Global ekonomide yüksek faiz ve enflasyon ortamının sanayi üretimini ve konut piyasasını olumsuz etkilediğini söyleyen Özbalaban, “ABD merkezli çelik üreticisi US Steel’in ürün fiyatlarını yüzde 4 artırmasına karşın satışları (miktar olarak) yüzde 10 azaldı” dedi.
Özbalaban, Avrupa Birliği ekonomik büyümesinin yavaşlamasının da sektörü etkilediğini dile getirerek, enerji ve demir çelik cevheri fiyatlarının artmasının şirketlerin kar marjlarını düşürdüğünü kaydetti.

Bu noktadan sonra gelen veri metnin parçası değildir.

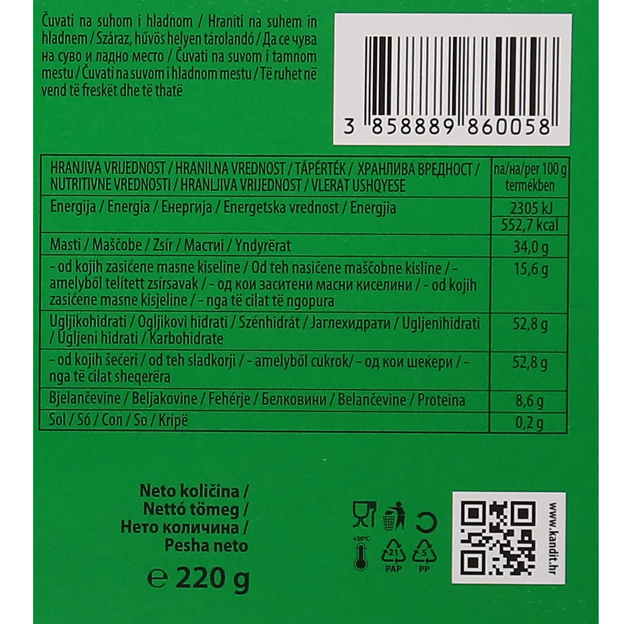 Nutritional value Energy (kJ/kcal) 2305/552.7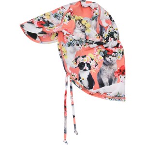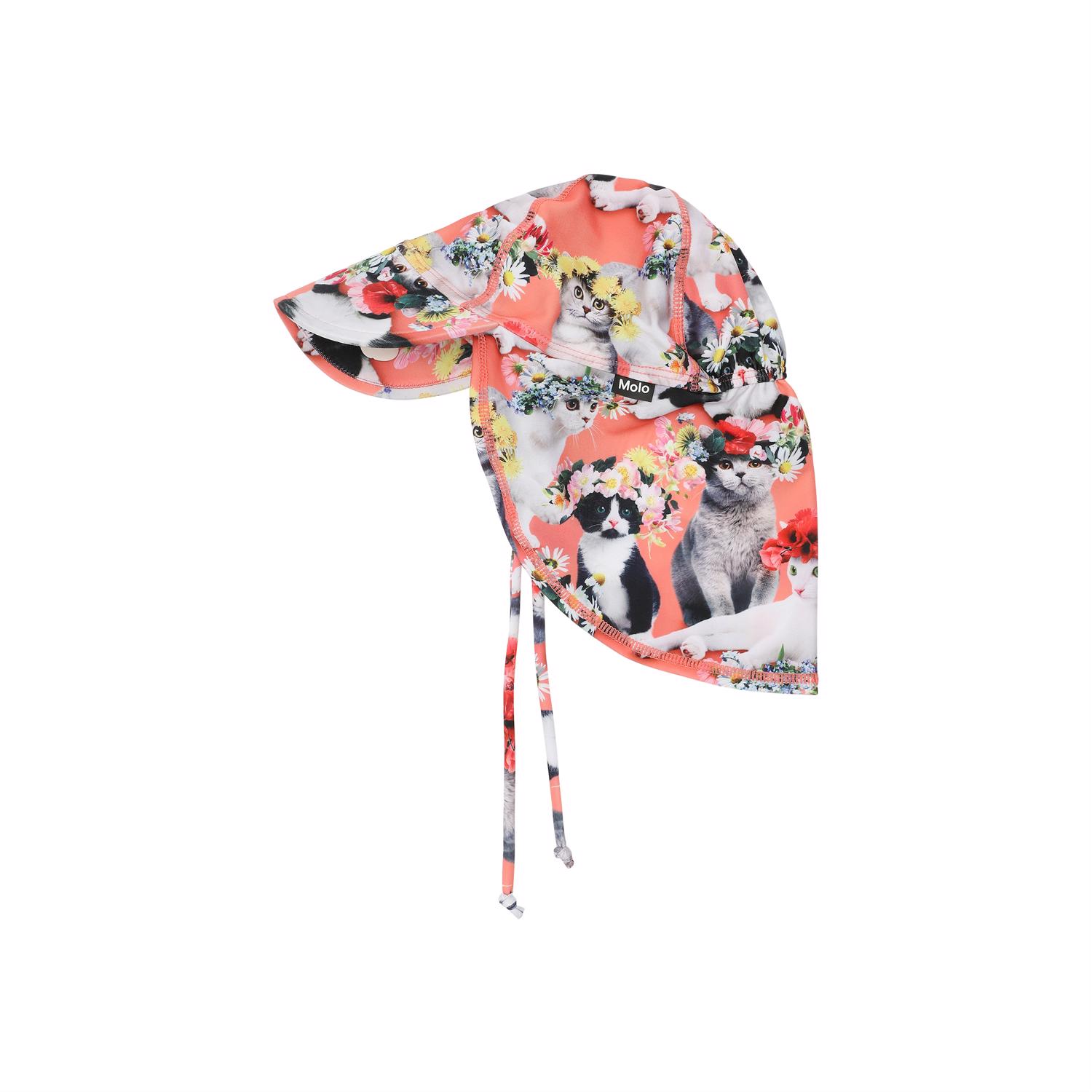 Solhat med UV beskyttelse 50+, bred skygge og længde i nakken, som beskytter barnet på bedste måde. Solhatten er med humoristisk print af katte med blomsterkranse om hovedet. Dette Molo produkt er recycled og fremstillet af REPREVE genanvendeligt polyester. REPREVE er det førende og mest anerkendte materiale indenfor genanvendelige fibre og er produceret af brugte plastikflasker og andet restaffald.Produktionen af genanvendt polyester kræver langt færre ressourcer og udleder mindre CO2, hvorfor Molo’s recycled badetøj er det bæredygtige valg.

“Çin’in aşırı üretim ve rekabetçi fiyatından demir-çelik sektöründe kar marjlarında düşüş ve sektörde resesyon olmakla birlikte herhangi bir kriz durumu yoktur.” ifadelerini kullanan Özbalaban, şunları kaydetti:
“Sektörün krize girmesi için global bir kriz çıkması, başka bir deyişle ABD’de konut ve altyapı sektörü yatırımlarının durması, Çin konut piyasasındaki resesyonun daha büyük bir krize girmesi, otomotiv sektörünün de üretimini düşürmesi gerekiyor. Özellikle ABD’nin Çin’e karşı uyguladığı tarife ve tarife dışı engeller 2024 ve 2025 yılında Çin’in ihracat ve üretimini azaltacaktır. Çin Merkez Bankası konut sektörüne yönelik kullanmak üzere ticari bankalar üzerinden düşük faizli yeni bir kredi programı başlattı. Bu uygulamanın Çin’deki konut satışlarını dolayısıyla da demir-çelik tüketimini artıracağı öngörülmektedir. Gemilere yapılan Yemen kaynaklı saldırılardan dolayı Süveyş Kanalı’nın kullanımı önemli oranda azalmış, Ümit Burnu’nun kullanılması nedeniyle Çin’den Avrupa’ya olan navlun fiyatları büyük ölçüde artmıştır. Navlun fiyatlarının artması Çin’den Avrupa ve Akdeniz Bölgesi’ne olan, özellikle demir-çekil gibi fiyatına göre ağırlığı fazla olan ürünlerin, sevkiyatını azaltacaktır.”
Ukrayna’nın üretiminin savaş koşulları nedeniyle yüzde 15-20 kapasiteye düştüğünü aktaran Özbalaban, uygulanan ambargo ve ticari engellerden dolayı diğer önemli bir üretici olan Rusya’nın üretim ve ihracatının da azaldığını sözlerine ekledi.